Walt Disney (DIS -0.55%) suffered substantial financial losses throughout the COVID-19 pandemic, with its parks division losing $2.6 billion in operating income in the first quarter of 2021 because of lockdowns. However, the company took the opportunity to double down on its flagship streaming service, Disney+, as it waited out the worst of the pandemic. As a result, Disney has come out the other side with a flourishing streaming business and a promising return of theme park guests.
The company's stock is still down 39% since last year as it continues to recover from its unavoidable downfall in 2020 and 2021. However, its overwhelmingly positive quarterly results in August and forthcoming developments suggest investors should seriously consider buying Disney stock.
A better-than-expected quarter
On Aug. 11, Disney pleasantly surprised investors when posting its fiscal third-quarter earnings. The company's stock subsequently jumped 13%, as several of its segments overperformed. The most notable improvement came from Disney's parks business, which saw revenue increase 70% year over year to $2.19 billion, allowing investors to breathe a sigh of relief as the company appears to be back to pre-pandemic form. CEO Bob Chapek said in an interview with CNBC on Disney's Q3 2022 earnings that the boost in the company's parks' revenue is by no means a one-off event, as he believes there's no reason for guests to withdraw anytime soon.
Moreover, Chapek further quelled investors' concerns as he said, despite recent increases in the cost of fuel and airline tickets, Disney's parks haven't seen "any softening" of demand. The executive also noted how the company hadn't seen its international travel rebound yet, with most of its third-quarter figures boosted by domestic visitors. Disney's positive outlook on its parks business is promising, as the segment made up 34% of its overall revenue in Q3 2022, and a return to guests is crucial to the company's future financial success.
In addition to glowing parks earnings in Q3 2022, Disney's overall revenue grew 26% year over year and 28% over the last nine months. The company's third-quarter results suggest Disney is on the right path, having overcome the worst of the pandemic and now poised to win the streaming wars.
Increased market share
Similar to multiple entertainment companies, Disney's Q3 2022 streaming subscriptions were of particular concern to investors, and the House of Mouse did not disappoint. Disney's stock rise in August was largely fueled by reaching 221.1 million streaming subscriptions worldwide across Disney+, Hulu, and ESPN+, surpassing Netflix's 220.7 million for the first time.

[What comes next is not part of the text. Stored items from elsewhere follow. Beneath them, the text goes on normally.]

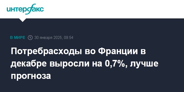 Москва. 30 января. INTERFAX.RU - Потребительские расходы во Франции в декабре увеличились на 0,7% по сравнению с предыдущим месяцем. Об этом говорится в сообщении Национального статистического управления Insee.
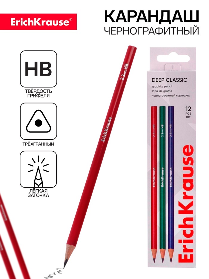 Карандаш чернографитных ErichKrause «Deep Classic triangular», НВ, грифель d=2.2 мм, дерево, трёхгранный, в тубусе, МИКС
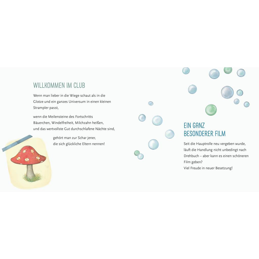 Plötzlich gehen die Uhren anders! Der Mittelpunkt des Universums verschiebt sich und zieht alle Aufmerksamkeit auf sich. Die leisen Töne werden bedeutsam, die Kleinigkeiten besonders und manches Wichtige unwichtig. Ein untrügliches Zeichen dafür, dass Ihr mittendrin seid im großen Abenteuer! Charmante und freche, nachdenkliche und tiefgründige Sprüche und gute Wünsche für frischgebackene Eltern.
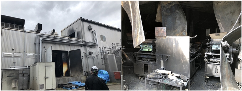 1回目の火災事故が起こったのは2017年2月下旬の深夜でした。製造工程で使用していたガスフライヤーから出火し、ダクトに火が回ったことで工場全体に燃え広がりました。
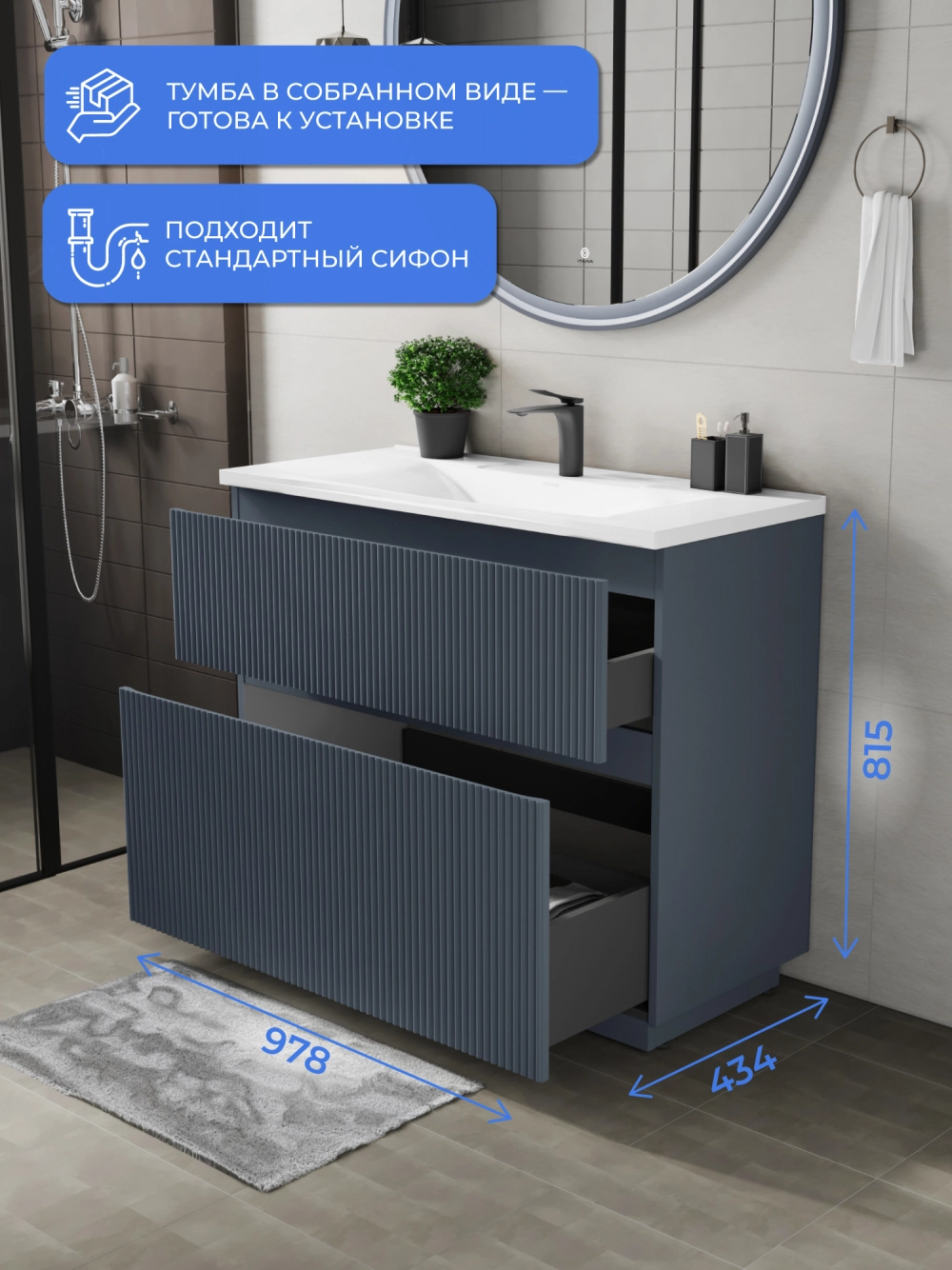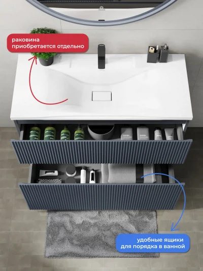 Напольная тумба под раковину Итана Kate станет идеальным дополнением для вашей ванной комнаты, сочетая в себе стильный дизайн и функциональность. Коллекция Kate - воплотила в себе тренд на фактурные фасады. Идеальный "рубчик" - простое и стильное дизайнерское решение для декорирования фасадов - эта мебель бесспорно станет украшением современной ванной комнаты. Тумба изготовлена из высококачественных материалов, гарантируя долговечность и надежность эксплуатации. Удобные фрезерованные ручки, качественная фурнитура с доводчиками, вместительность - мы продумали все, чтобы тумба была не просто красивой, но еще и функциональной, приятной в использовании. Ее конструкция позволяет легко поддерживать порядок в ванной, ведь все мелочи будут аккуратно убраны. Стильный декор тумбы добавляет изюминку в общий дизайн, вписываясь в современные и классические интерьеры. Удобные выдвижные ящики обеспечивают простоту доступа к содержимому тумбы.

According to data from Antenna, Disney has the largest share of streaming subscriptions of any service, with a 30% share as of Q2 2022 when combining Disney+ and Hulu members. Netflix has the biggest single-platform subscription share at 26%, but the figure has significantly declined from its 42% in Q1 2020. Disney has taken the streaming industry by storm, growing Disney+ into a formidable opponent to industry giant Netflix in less than three years.
While Disney impressively surpassed Netflix's total paid subscribers in Q3 2022, its average revenue per user (ARPU) is still considerably behind Netflix's. For instance, in the three months ending July 2, Disney+'s ARPU in the U.S. and Canada was $6.27 per month, while Netflix's was $15.95. However, Disney has plans to rectify this with price hikes across all of its streaming services and the addition of its ad-supported tier coming to Disney+ in December. Both moves will raise the company's ARPU and considerably bolster its streaming revenue.
Is Disney's stock a buy?
Despite a glowing third quarter, Disney's stock is still down 39% year over year and 29% year to date, as investors are cautious after the losses it suffered throughout the pandemic. However, its price-to-earnings ratio has decreased 78% since September 2021, suggesting its current price is a bargain.
As Disney expects its park attendance to keep up its current rate and the company is only three months away from launching a lucrative ad-supported streaming tier to Disney+, now is the best time to invest in Disney. The House of Mouse could be in for significant gains over the next few quarters.